More on Sonic Youth and Neil Young's influences on the 1991 Weld Tour. Also, Frank over on Chromewaves has a few thoughts on Sonic Youth and a link to Uncut with an article stating that "Sonic Youth taught Neil Young the art of feedback".

As Frank points out in his comment below, this sentiment comes from Neil being inspired to assemble the "Arc" record after touring with Sonic Youth in 1991 on the Weld Tour.


Sunday, August 08, 2004

Dios covers Neil Young's sublime 'Birds'

A clever and humorous review from NME of the new album by Dios by Alex Needham:

"While 'Nobody's Perfect' and 'You Got Me All Wrong' are authentically and memorably tuneful, other songs reveal Dios to be West Coast psychedelia's equivalent to Ikea. Their songs are serviceable, accessible and respectable in appearance, but are ultimately a cobbled-together approximation of someone else's classic design. This becomes glaringly apparent when Dios cover Neil Young's sublime 'Birds' and make it sound exactly like everything else on the album - full of the sunbaked, soft-headed torpor brought on by too many summertime spliffs. The incorporation of The Beach Boys' 'You Still Believe In Me' into 'Fifty Cents' makes their deficiencies even more obvious."

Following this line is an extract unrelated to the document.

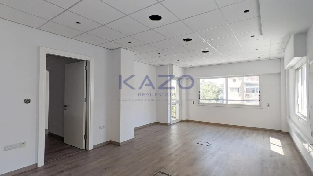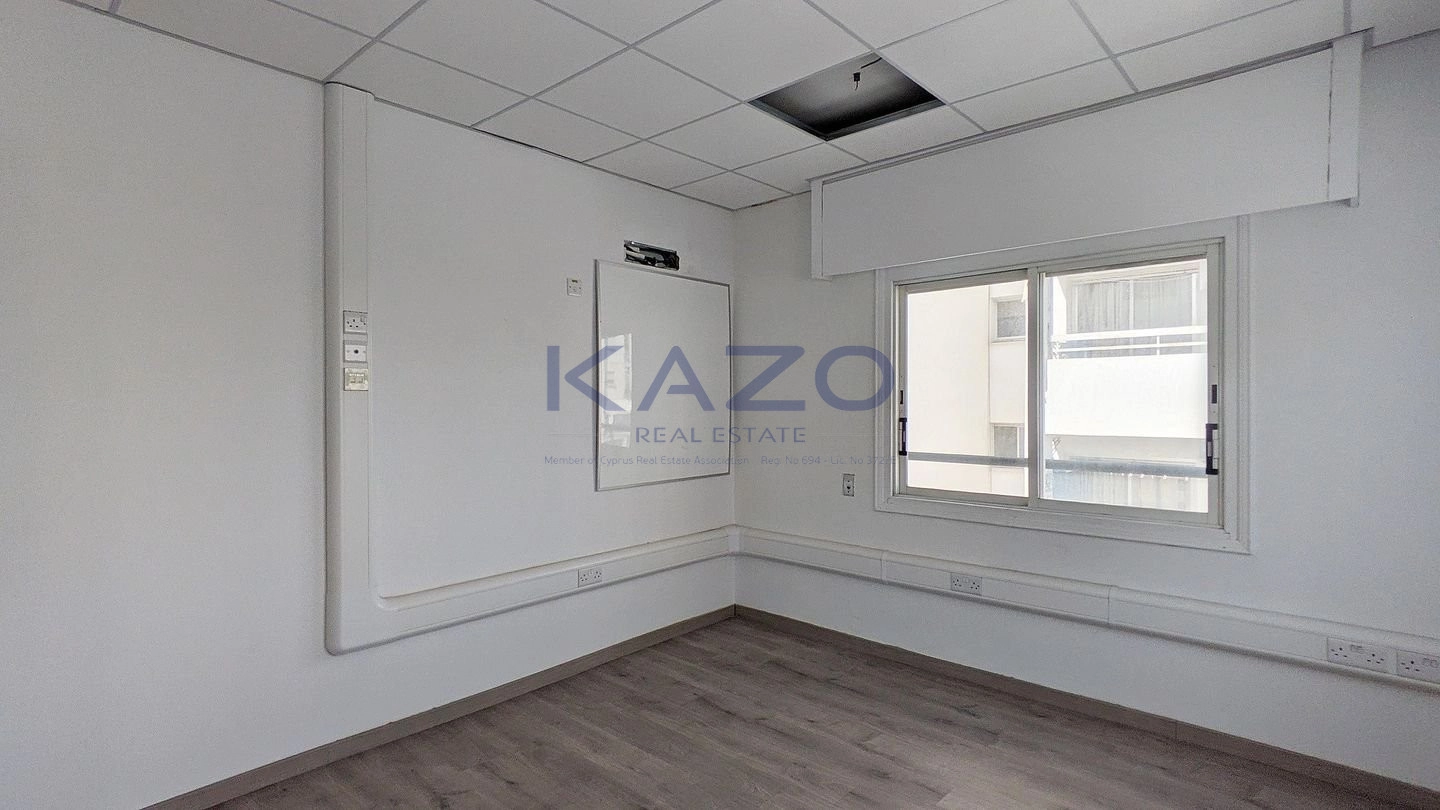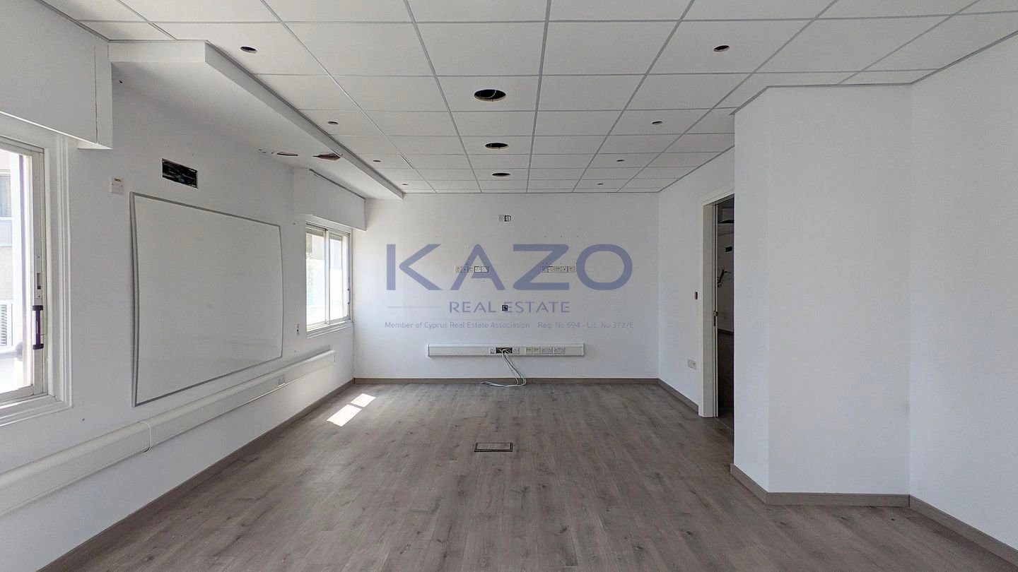The property is located within the administrative boundaries of Nicosia Municipality, in Agioi Omologites Quarter. It is located at a distance of about 225 meters south of the intersection of traffic lights on Demosthenis Severis and Georgios Grivas Digenis Avenue. The office consists of an open office area with desks, two conference rooms, kitchen, four toilets and three covered verandas. The building comprises of 9 floors with a mezzanine. Energy Category: C
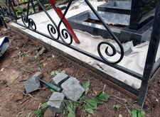 Далее мы установили памятники с цветниками, параллельно приварив необходимые для покрытия брусчаткой металлические борта к ограждению и закрыв территирию участка геотекстилем.

Wednesday, August 04, 2004

Wilco in Toronto

wilco toronto0804
Photo by Frank on Chromewaves

A super review, setlist and photos of Wilco in Toronto last night over on .: chromewaves.net v5.0. Frank was blown away and had this to say on the show:

    "I'm not really one given to hyperbole, so you'll appreciate that I mean it when I say Wilco is the best fucking band on the planet. And that that was the best show I have ever seen. Swear. To. God. I don't even know where to begin.

    This is the fifth time I've seen Wilco live, so you'd think that I'd have a pretty good idea of what to expect from their shows, and I thought I did. Maybe it was the new lineup - the fourth different one I've seen - the high-on-life Jeff Tweedy or the electricity in the sold-out, (relatively) tiny venue, but last night they absolutely killed. From the fingerpicked acoustic guitar that opened 'Muzzle Of Bees', the band was in another zone completely
    ."


Also word from Frank that a Bit Torrent FLAC download of the concert is available.

So if Wilco's in your town... one word GO! I was blown away by the new band when they rolled through DC earlier at 9:30 Club.


Jim Byrnes Band covers "For The Turnstiles"

The Jim Byrnes Band has a cover of Neil Young's "For The Turnstiles" on their latest CD Fresh Horses. Expecting to Fly posts on Rust:

    "Jim Byrnes' is kind of a
    bluesy/rootsy singer/guitarist and this album is about
    half covers, half originals and it's terrific. He writes
    some really soulful stuff like a song called 12 Questions
    and the opener B's Blues. There's a country song called
    The Embers which is just beautiful. The covers are great.
    The title track is an instrumental cover. He does a decent
    job on Dylan's Just Like Tom Thumb's Blues. One of the
    best tracks on the album is his cover of For The
    Turnstiles. It's fantastic; I actually like it better than
    Neil's version on On The Beach."


Thanks e2f!


Tuesday, August 03, 2004

Yankee. Hotel. Foxtrot. Yankee. Hotel. Foxtrot. Yankee. Hotel. Foxtrot.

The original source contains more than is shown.